"""
Created on Fri Jul 12 2024 by Xinyu Liu

The implementation of PCA (Principal Component Analysis) algorithm.
PCA is a linear dimensionality reduction technique that can be utilized for extracting information from a high-dimensional space by projecting it into a lower-dimensional sub-space.
The goal of PCA is to find the directions (principal components) that maximize the variance in the data or minimizing the loss of linear projection.
"""

import numpy as np

class PCA:
    def __init__(self, n_components):
        self.n_components = n_components

    def fit(self, X):
        """
        params:
        X: (n, d) array
        """
        # Mean centering
        self.mean_ = np.mean(X, axis=0) #(d,)
        X = X - self.mean_ #(n, d)

        # Perform the singular value decomposition
        U, S, Vt = np.linalg.svd(X, full_matrices=False)
        self.components_ = Vt[:self.n_components] #(n_components, d)
        self.singular_values_ = S[:self.n_components] #(n_components,)

        # Compute the explained variance (use n_samples - 1 degree of freedom)
        self.explained_variance_ = self.singular_values_ ** 2 / (X.shape[0] - 1) #(n_components,)
        self.explained_variance_ratio_ = self.explained_variance_ / np.sum(self.explained_variance_)

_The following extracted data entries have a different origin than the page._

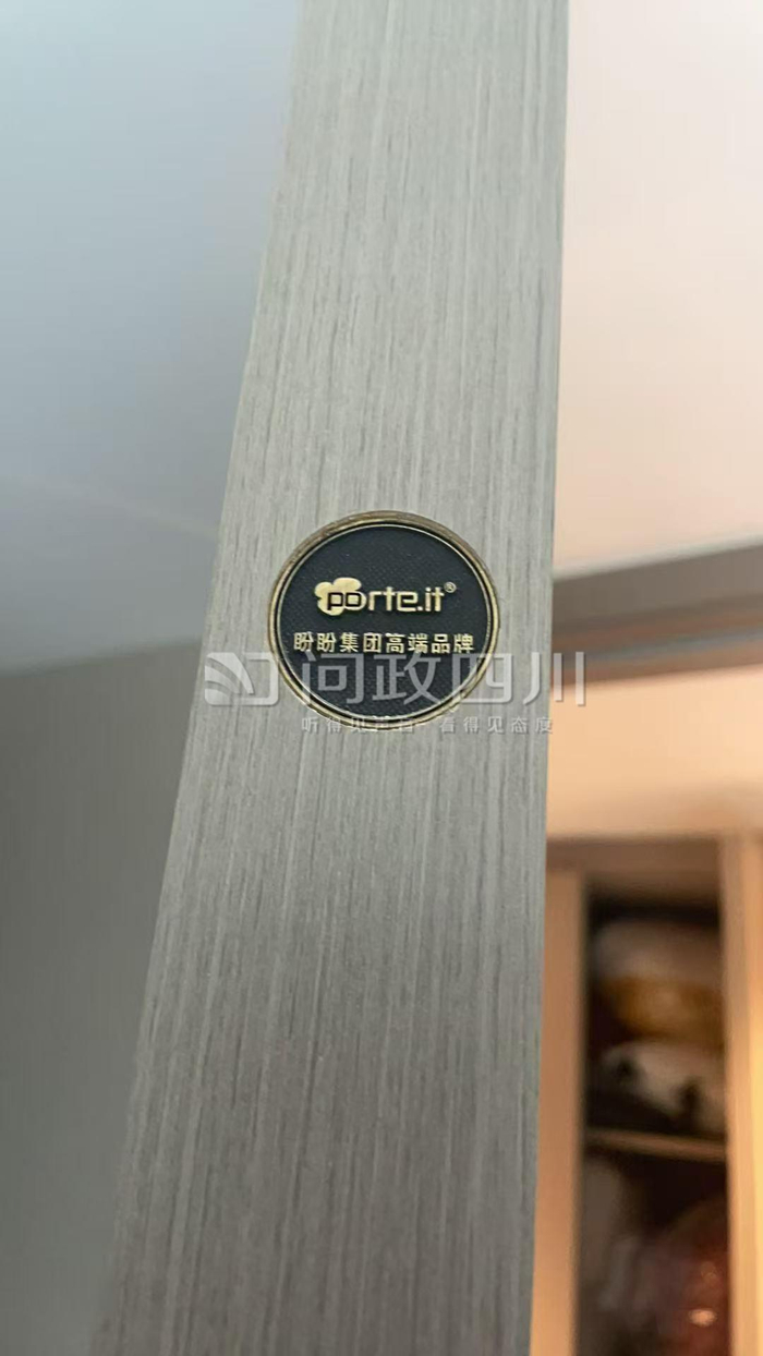 随后,封面新闻记者也跟随一位业主刘女士来到房间中查看,她购买的房子是精装修交付,项目宣传时装修标准约为3000元/㎡,配备了常规三大件。卧室的房门也就是被业主质疑的木门,记者随意推了几下,相比市面上的实木门,被业主们诟病的这扇门手感确实较轻。上面的品牌标识写着:盼盼集团高端品牌。
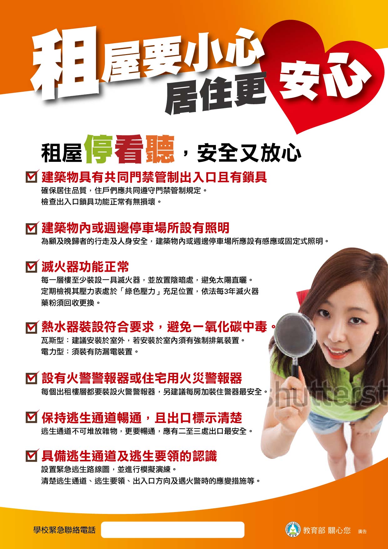 租屋前請詳閱契約書,避免租屋糾紛,並留意租屋周遭環境及是否有停車空間
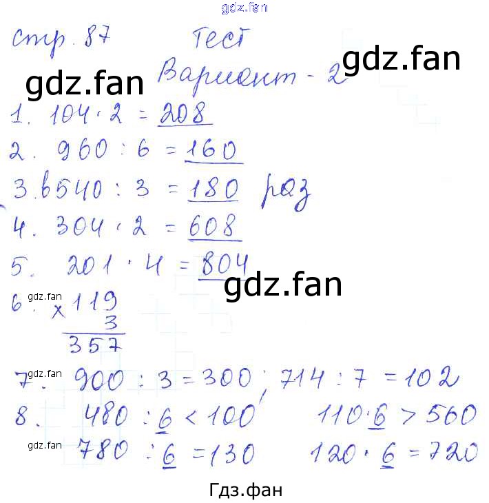 Проверка домашнего задания всегда занимает большое количество времени. На помощь приходит ГДЗ фан по Математике третьего класса. Здесь собраны популярные ответы на 87 (тест, вариант 2) Математика 3 класс проверочные работы Волкова С.И.
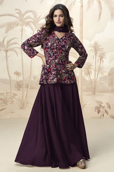 Embroidered Purple Readymade Palazzo Salwar Kameez In Chinon Fabric

    def fit_transform(self, X):
        """
        params:
        X: (n, d) array
        return:
        X_new: (n, n_components) array
        """
        self.fit(X)
        return self.transform(X)

    def transform(self, X):
        """
        params:
        X: (n, d) array
        return:
        X_new: (n, n_components) array
        """
        X = X - self.mean_
        return np.dot(X, self.components_.T)
    
    def inverse_transform(self, X_new):
        """
        params:
        X_new: (n, n_components) array
        return:
        X: (n, d) array
        """
        return np.dot(X_new, self.components_) + self.mean_


if __name__ == "__main__":
    # Test PCA and compare with sklearn
    from sklearn.decomposition import PCA as PCA_sklearn
    X = np.array([[-1, -1], [-2, -1], [-3, -2], [1, 1], [2, 1], [3, 2]])
    pca = PCA(n_components=2)
    pca_sklearn = PCA_sklearn(n_components=2)

    pca.fit(X)
    pca_sklearn.fit(X)
    print(pca.explained_variance_ratio_)

    print(pca.transform(X))
    print(pca_sklearn.transform(X))